Recherche
Comment garantir des données synthétiques sans fil de haute qualité en cas de pénurie de données réelles ?
Alors que ces données sont essentielles pour former des modèles d’intelligence artificielle (IA), leur qualité est souvent insuffisante, négligeant des critères d’affinité et de diversité.
Ils ont développé un cadre analytique qui améliore l’utilisation des données synthétiques en filtrant celles de faible qualité tout en leur attribuant des pseudo-étiquettes, permettant ainsi aux modèles d’IA d’obtenir de meilleures performances.
Leurs travaux, qui ont remporté un prix lors de la Conférence internationale de Mobisys 2025, mettent en évidence les défis spécifiques liés à l’utilisation de données synthétiques dans les signaux sans fil.
Les chercheurs ont constaté que les données existantes présentent souvent une bonne diversité, mais manquent d’affinité, ce qui affecte la précision des tâches d’analyse.

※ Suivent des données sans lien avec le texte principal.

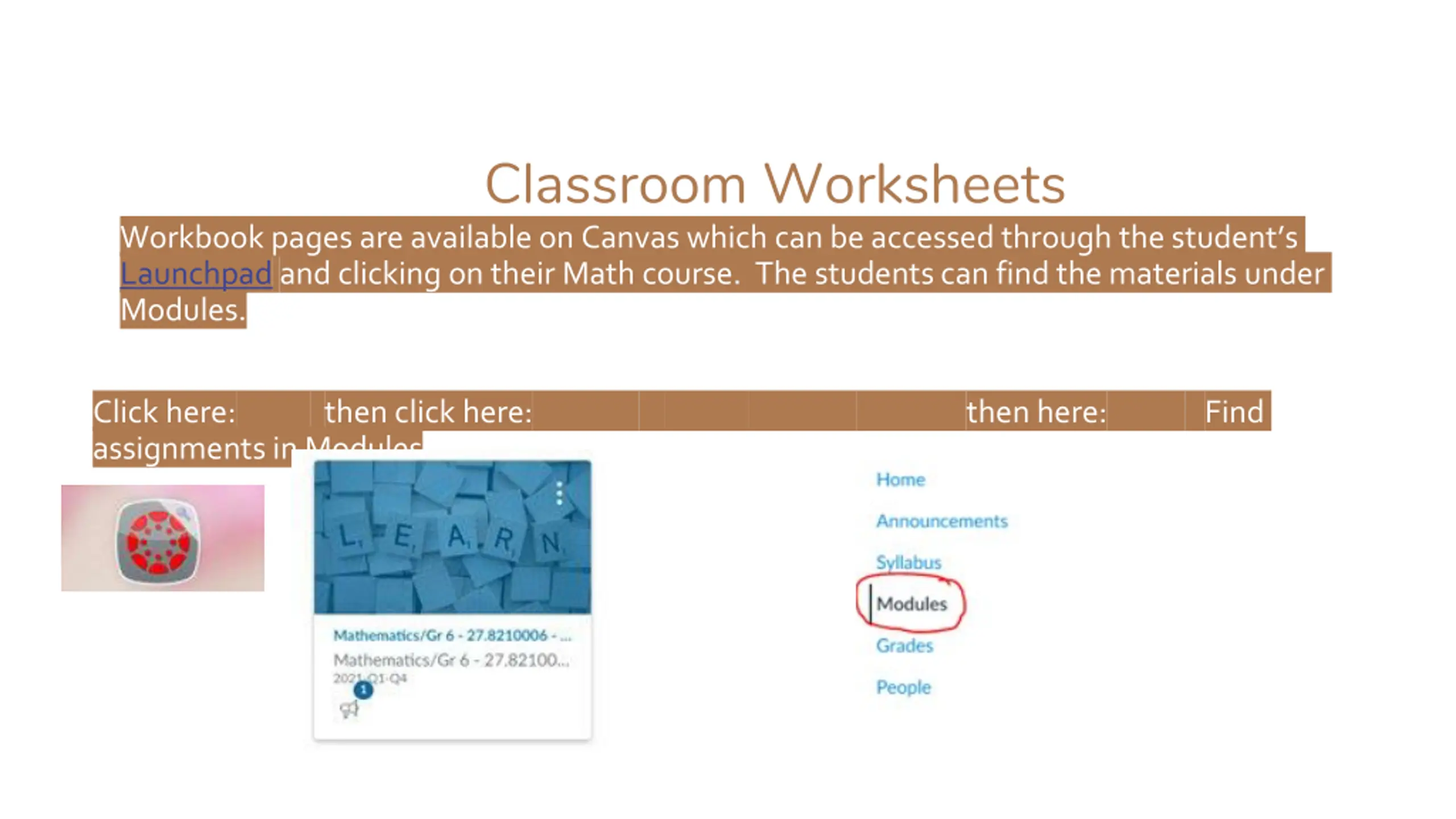 Classroom Worksheets Workbook pages are available on Canvas which can be accessed through the student s Launchpad and clicking on their Math course. The students can find the materials under Modules. Click here: assignments in Modules then click here: then here: Find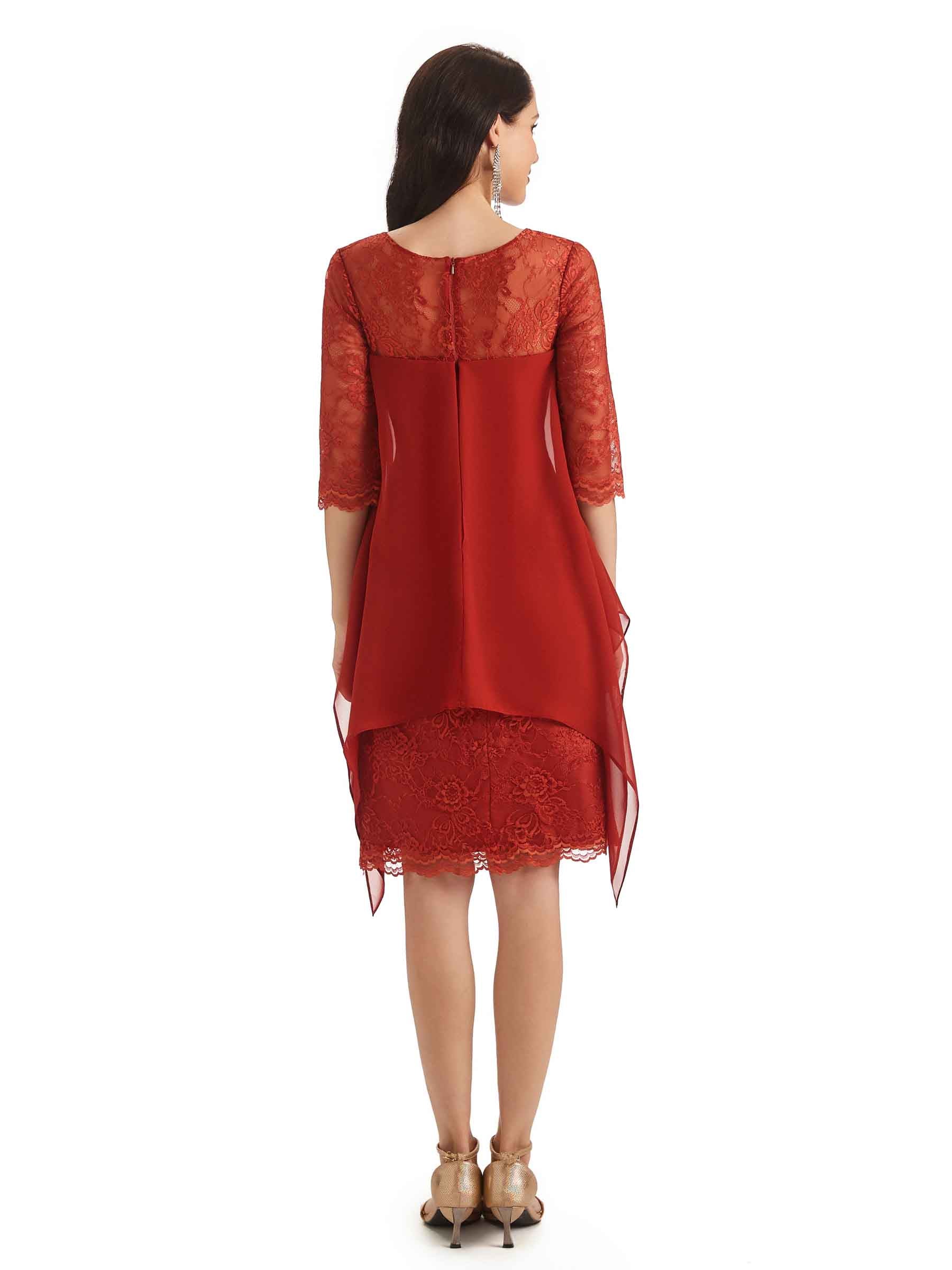 Elegant Chiffon Lace Cap Sleeve Knee Length Mother Of The Bride DressesElegant Chiffon Lace Cap Sleeve Knee Length Mother Of The Bride Dresses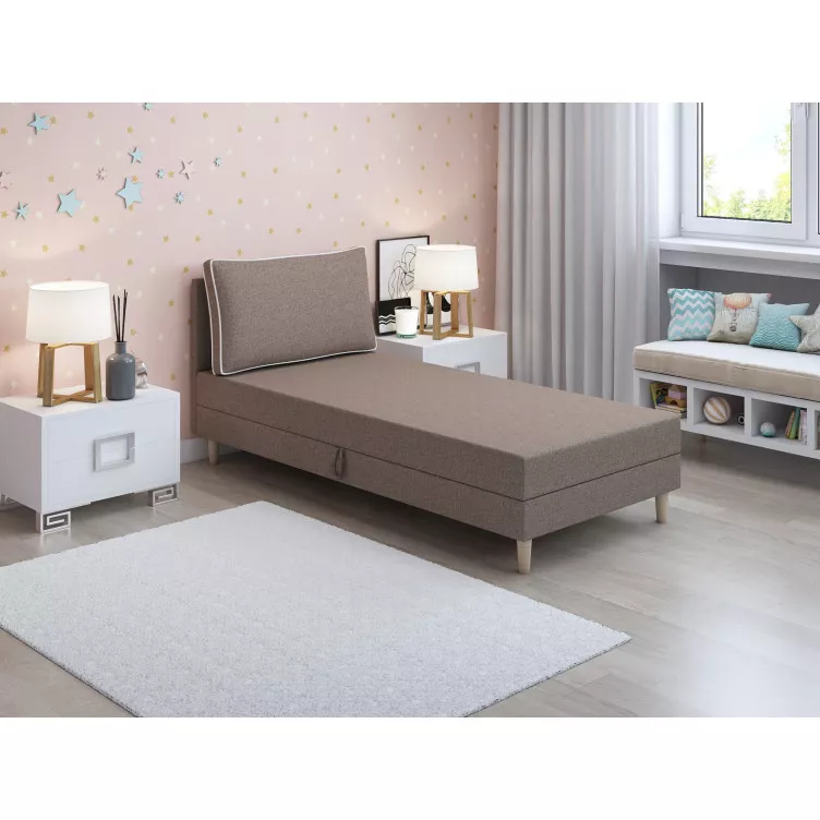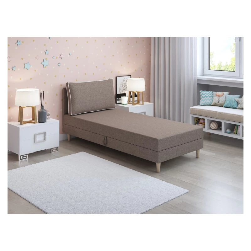 Čalouněné jednolůžko 100x195 ZORYNA 2 s úložným prostorem - světle hnědé

Ils ont introduit un système appelé Syncheck, qui améliore de manière significative les performances des modèles lorsqu’il est utilisé pour l’apprentissage semi-supervisé.
Cette recherche propose donc une avancée vers l’obtention de données de qualité pour l’entraînement des modèles d’IA, cruciale pour des applications allant de la surveillance à domicile à la réalité virtuelle.